This is the second in our series, Language Matters. In case you missed the first, you can find it here.
Today, I want to talk about the difference between “because of” and “despite”.
I work with lots of folks who’ve become very successful. Through brute force. Through working long, hard hours. Who’ve come to suspect that extreme stress is just something they have to accept if they want to continue to be successful. And it doesn’t feel great. They know they want a change, but they’re not sure how to get there. And they’re sometimes skeptical (at first) of the techniques I suggest. Why? Because while they know they want to change, they attribute (at least a little) their success to the way they’ve been doing things.
When we have achieved a certain level of success in our lives, we tend to attribute our success to ALL of our behaviors. We have a hard time differentiating which behaviors helped us along the way and which we would have done just fine without. Better, even. Likewise, we tend to view our failures as caused by certain behaviors, not despite them.
However, not all of our behaviors support our success. And not all of our behaviors contributed to our failures. It can be hard to know the difference. But there is a big difference.
What would happen if you changed the narrative in your head?
- What if instead of being effective at work because you’re always available, you’re effective despite the fact that you have notifications pinging you all day?
- What if instead of getting an A on that paper in college because you stayed up all night to make it perfect, you got the A despite overworking yourself and getting too little sleep?
- What if your kids are doing well in school despite the fact that you nag them about their homework, not because of it?
- What if you failed to get that new job not because you weren’t qualified, but despite the fact that you were extremely qualified?
When you look at your situation from a perspective of “despite” instead of “because of”, what additional possibilities would open up for you? What if the things you think of as necessary evils, as just part of the gig, are not actually pushing you towards success, but are instead hindering you from even greater success?
- What if you could turn off those pesky notifications AND still be responsive at work?
- What if you could get an A on a paper AND get a good night’s sleep?
- What if your kids could thrive at school without you nagging them to do their homework (or finishing it for them)?
- What if not getting that job left you available for a better fit role?
Now, I don’t expect you to take my word for it. This all might seem a little woo-woo. But I truly believe that language matters. How we talk about who we are and what we do matters. It’s not “just semantics”, the language we use can actually help us to change our behaviors. But how will you know for sure if what I’m saying could make a difference for you?

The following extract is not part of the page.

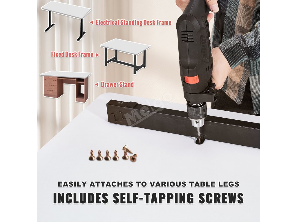 Instalace je díky samořezným šroubům snadná. Stačí připevnit pracovní desku k vybraným nohám stolu. Má všestranné využití, může sloužit jako truhlářský stůl, opravárenský stůl, kancelářský stůl, jídelní stůl, recepční stůl apod.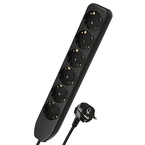 Electraline 51612 Ciabatta con 6 prese, con cavo 3G1 da 1,5 m, colore: nero

One of the best ways I know to test hypotheses is to experiment. Because, I, like you, often find it pretty hard to believe something without seeing it. So, you might need to test things out, too. Do you have a long-seated belief about a practice that’s led to your success? Are you brave enough to test it? To find out if there’s a better, easier, less stressful way to achieve the same goal? Yes? Then devise an experiment to test it out. And then ask yourself if it needs to stay, or if you can let it go.
Not sure where to start? Here are a couple of simple experiments you could try:
- Turn off your notifications for a day or a week (and instead batch process your communications a few times a day).
- Are you still able to be responsive? Are your colleagues still getting what they need from you? Are you better able to focus? Are you getting more done?
- Close the laptop and turn in early to get 8 hours of sleep instead of answering those last emails right before bed.
- How much more productive are you the next day? Did it make any difference that you answers a few emails at 9am instead of 10pm the previous night?